__To do__. Pictures in the material below are to be left out, and only the lines from the line with "Nakon kliničkog pregleda" up to and including the line with "VISTA PANORAMICA DE TRAMO A REPARAR" are to be written out exactly.

__Input data__.
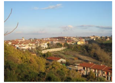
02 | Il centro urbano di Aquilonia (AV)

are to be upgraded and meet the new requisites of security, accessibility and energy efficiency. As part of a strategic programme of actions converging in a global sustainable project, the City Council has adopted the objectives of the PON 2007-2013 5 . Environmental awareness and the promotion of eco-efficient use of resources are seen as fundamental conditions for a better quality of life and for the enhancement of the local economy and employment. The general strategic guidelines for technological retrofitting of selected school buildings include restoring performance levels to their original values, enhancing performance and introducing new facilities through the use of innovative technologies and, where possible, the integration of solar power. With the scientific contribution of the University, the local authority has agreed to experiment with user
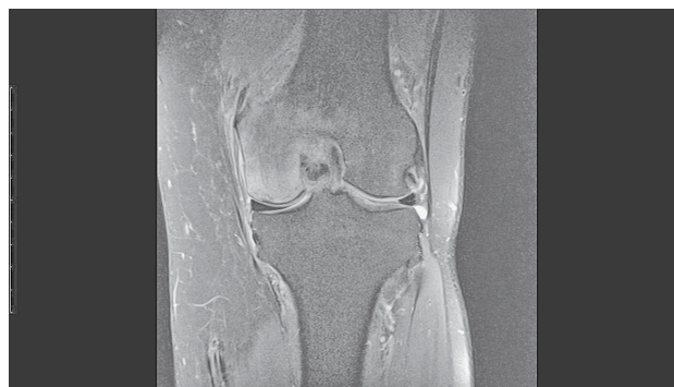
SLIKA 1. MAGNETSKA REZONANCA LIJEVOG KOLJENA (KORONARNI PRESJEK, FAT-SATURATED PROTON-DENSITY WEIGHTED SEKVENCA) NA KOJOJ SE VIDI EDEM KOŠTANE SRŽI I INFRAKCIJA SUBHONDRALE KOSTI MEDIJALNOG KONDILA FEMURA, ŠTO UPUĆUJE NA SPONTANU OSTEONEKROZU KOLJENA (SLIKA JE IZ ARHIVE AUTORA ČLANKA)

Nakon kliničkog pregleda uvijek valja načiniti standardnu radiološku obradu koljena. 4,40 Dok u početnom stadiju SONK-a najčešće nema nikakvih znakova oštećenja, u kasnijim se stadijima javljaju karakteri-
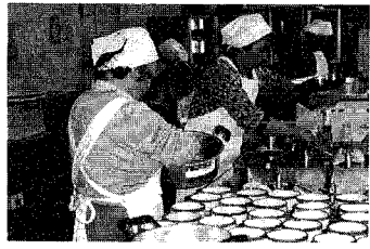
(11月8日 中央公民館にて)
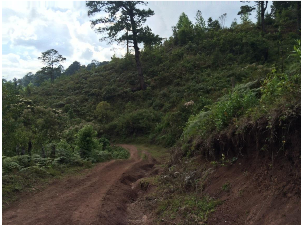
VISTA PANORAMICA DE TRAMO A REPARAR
* * *
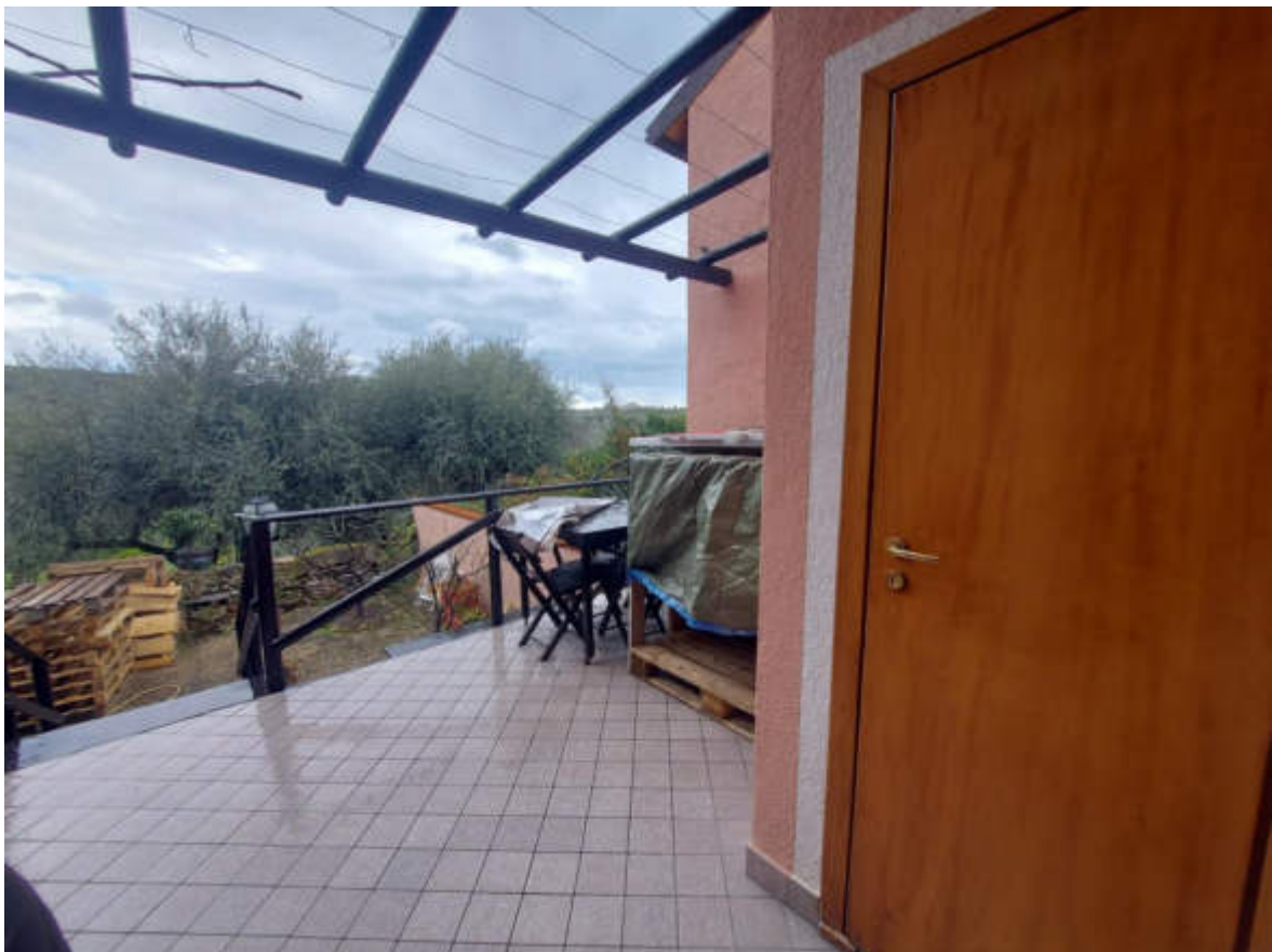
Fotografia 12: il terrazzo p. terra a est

__Output below__.
Nakon kliničkog pregleda uvijek valja načiniti standardnu radiološku obradu koljena. 4,40 Dok u početnom stadiju SONK-a najčešće nema nikakvih znakova oštećenja, u kasnijim se stadijima javljaju karakteri-
(11月8日 中央公民館にて)
VISTA PANORAMICA DE TRAMO A REPARAR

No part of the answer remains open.